There is a point in what clipped Wings had to say. We in India and other such countries like us don't believe in just and use and throw business, there is always a person who can repair TV, radio,cars, cycles, scooters, watches, grinders and other such items. There is enough business for him too. It is only the west where this use and throw idea first got its birth, leading to a whole lot of waste products into our environment. It is in the west the ideas like paper napkins and all such nonsense came up. People hardly use handkerchief to wipe the sweat from their face, for everything they have to use only paper, the more fancier the better, in fact I know they have toilet papers that feels like a silk cloth made out of paper. Just think how many trees have to be cut to make so many papers to be used so senselessly. So much of earth's resources is being wasted. But who is to question their habits. Life goes on. People who invented the use and throw culture are now preaching of saving the earth. My husband who is an environmental engineer is helping big apartments save thousands of Rupees per day by recycling their toilet water into clean water which can be used for watering the plants and washing their cars and so on. Just because some countries do not suffer from water shortage doesn't mean they should waste.

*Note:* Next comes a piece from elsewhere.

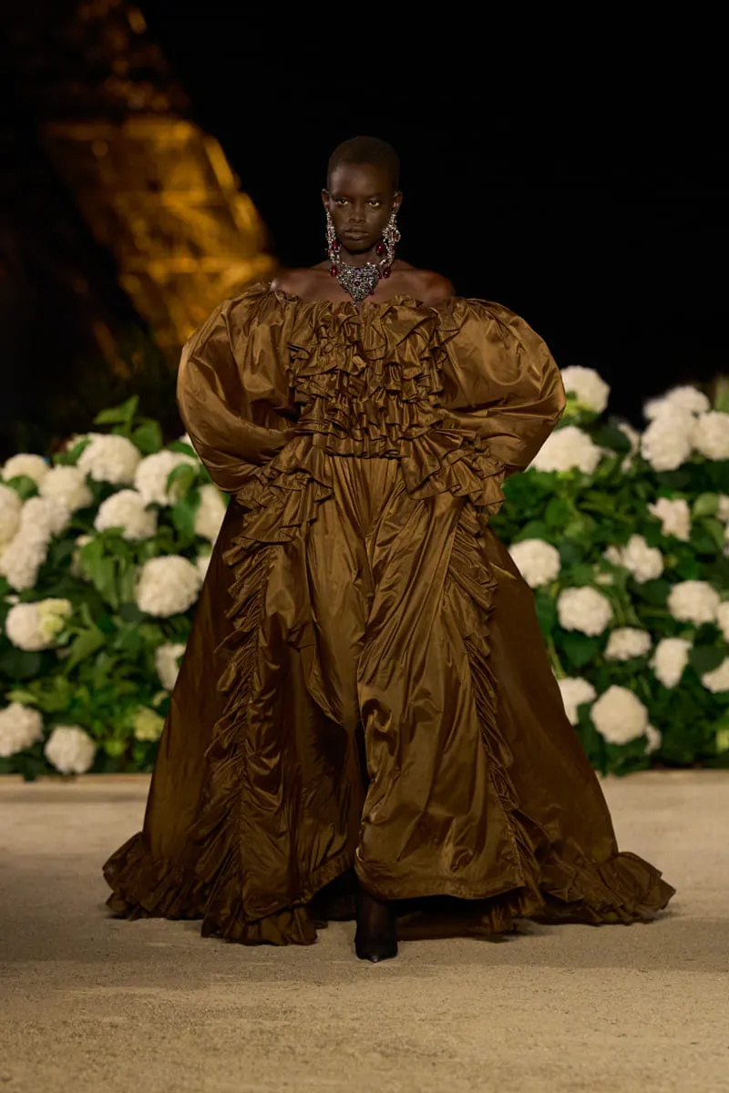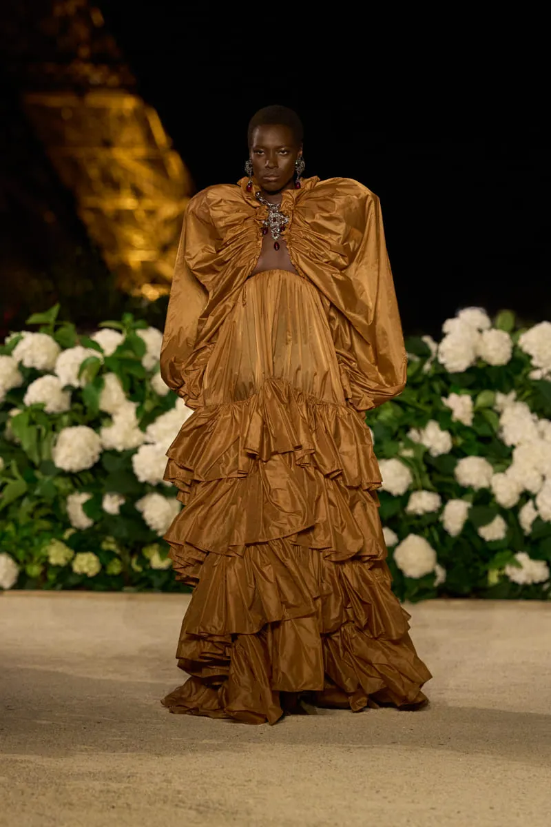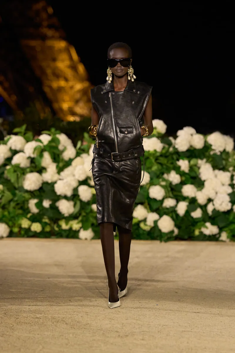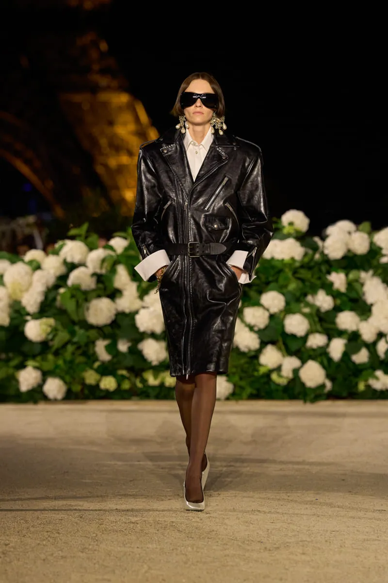 Pour ce premier jour de fashion week parisienne, Anthony Vaccarello dévoile une collection Saint Laurent printemps-été 2026 riche d’audace. Présentée hier soir, devant la tour Eiffel, les silhouettes arborent des looks exaltés très 1980, des vestes en cuir et des chemises oversize aux épaules XXL, véritable signature du directeur artistique, ou encore de somptueuses et flamboyantes robes victoriennes. Pour l’occasion, un parterre de stars et d’amis de la Maison ont habillé le front row de ce lieu magique et délicatement fleuri, à l’instar de Charli XCX, Carla Bruni, Hailey Bieber, Virginie Efira, Madonna et sa fille Lourdes, Renée Zellweger ou Amber Valletta.

The so called advanced countries , want their basic jobs also to be done cheaply from developing countries, and at the same time also crib that their own country men are jobless. Why can't you have the same job done by your own people we cannot understand.

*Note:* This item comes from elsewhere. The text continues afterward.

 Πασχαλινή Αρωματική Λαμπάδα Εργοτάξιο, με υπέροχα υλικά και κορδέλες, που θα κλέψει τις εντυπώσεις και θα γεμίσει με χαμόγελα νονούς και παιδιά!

I would be happy if it were just the West that was to blaim, then at least all the pollution would be in one spot! Regretfully some of the world's worst pollution can be found in Mexico, Russia and China, where they have yet to create laws to protect the environment. We get the pollution Twice! in manufacturing and then when we throw it away! Old televisions with tubes were repairable. The new digital ones are not. It is too funny that we buy "local souveniers" to remind us of our travels that are "made in China" where we probably have never been!
I will say that even if I end up buying cheap, I take care of it so it lasts years and years, unlike most of my family members. I am always appalled by that. Michael's favorite phrase everytime he breaks or loses a pair of his readers is "its only a couple of dollars." Hah. To me $15 isn't just a "couple" and if he took care, he'd only have to invest $15 once. Gah!